# PCA (Principal Components Analysis)
# From the Ground Up
Let us start with a dataset $X \in \mathbb{R}^{n \times d}$. This means that we have $n$ points that live in a $d$ dimensional space. In our case the dimensions are the number of nodes. Thus we can think about starting by describing our points in the *node basis*.
The node basis consists of a [Linearly Independent](Linear%20Independence.md) set of basis vectors. They are orthogonal to one another, but may not be a great fit for the data. What do I mean by that?

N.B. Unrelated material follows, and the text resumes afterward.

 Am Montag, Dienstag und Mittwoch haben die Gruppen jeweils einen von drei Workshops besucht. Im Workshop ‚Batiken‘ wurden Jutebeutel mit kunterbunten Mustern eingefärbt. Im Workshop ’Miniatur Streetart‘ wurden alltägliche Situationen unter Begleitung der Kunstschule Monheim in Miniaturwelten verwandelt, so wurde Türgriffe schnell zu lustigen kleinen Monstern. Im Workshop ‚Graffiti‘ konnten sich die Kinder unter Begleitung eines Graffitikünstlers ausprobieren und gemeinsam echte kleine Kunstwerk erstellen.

Consider below. We have an $X$ matrix with $d= 2$. We start by describing our data with respect to the standard basis, $e_1$ and $e_2$, which are indeed orthonormal. However, the data's actually *geometry* isn't a great fit for the standard basis. We might naturally ask? Is there *another* orthonormal basis that we could find that would be tied to the actual, underlying geometry of the data?
That is just what PCA finds: a new orthonormal basis that is *aligned* with the main axis of variation of our data.

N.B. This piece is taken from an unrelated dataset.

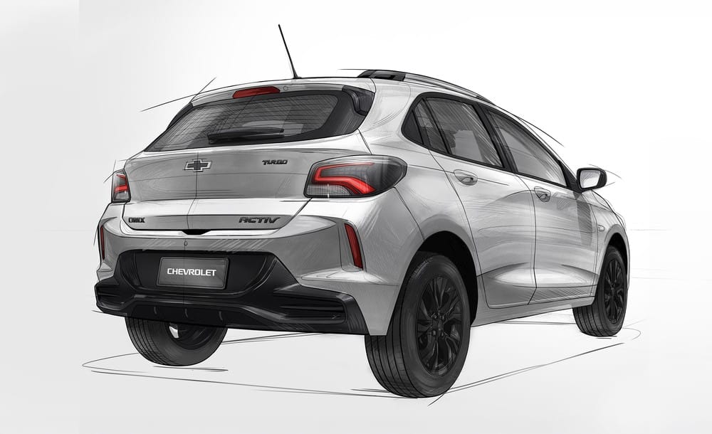 Новый Onix Activ отличается от обычного хэтчбека увеличенным дорожным просветом и рядом стилистических штрихов, подчеркивающих его кроссоверный характер. По опубликованным эскизам видно, что автомобиль получил рейлинги на крыше и черные корпуса зеркал. Заднюю часть дополнят новый диффузор и фирменный шильдик Activ.

Depending on how extreme this is, PCA may find that your data actually has *low-rank structure*. This means that while your data was described with respect to the standard basis, it's variation actually occurs in a *lower dimensional subspace*. A class example might be a 2d plane embedded in 3d space, or a line embedded in 2 dimensional space, shown below:
So we can state the objective of PCA quite nicely:
> **PCA** finds an orthonormal basis that is tied to the geometry of your data, where each basis vector also has a number attached to it describing how much variance it captures.

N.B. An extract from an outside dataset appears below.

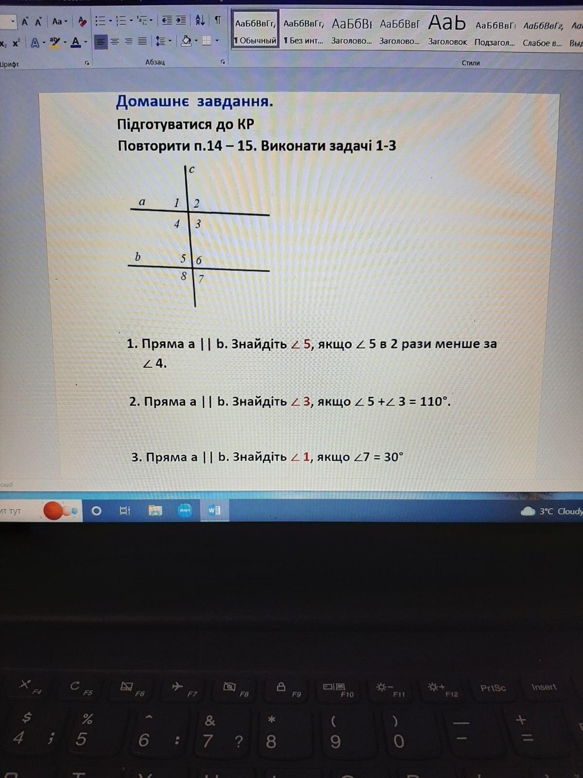 3. кут 1=30°, бо кут 7 вертикальний з кутом 5, тому вони рівні, а кут 5 рівний з кутом 1 як відповідні.

Now how does it work? Mathematically we simply take $X$ (assume it is centered), compute it's covariance matrix:
$\Sigma = \frac{1}{n - 1} X_c^\top X_c \quad \text{(shape: } d \times d \text{)}$
Then perform an eigen decomposition:
$\Sigma = V \Lambda V^\top$
Where $V$ is a matrix whose columns are eigenvectors, $\Lambda$ is a diagonal matrix of eigenvalues. We can interpret this decomposition as a [Change of Basis](Change%20of%20Basis%20Linear%20Algebra.md).
1. $V^T$ *rotates* from the standard basis to the PCA basis
2. $\Lambda$ is a diagonal matrix in the PCA basis
3. $V$ rotates back to the PCA basis
In this way our eigen decomposition has taken a positive definite matrix, $\Sigma$, and decomposed it into a rotation, followed by a scaling, followed by a rotation.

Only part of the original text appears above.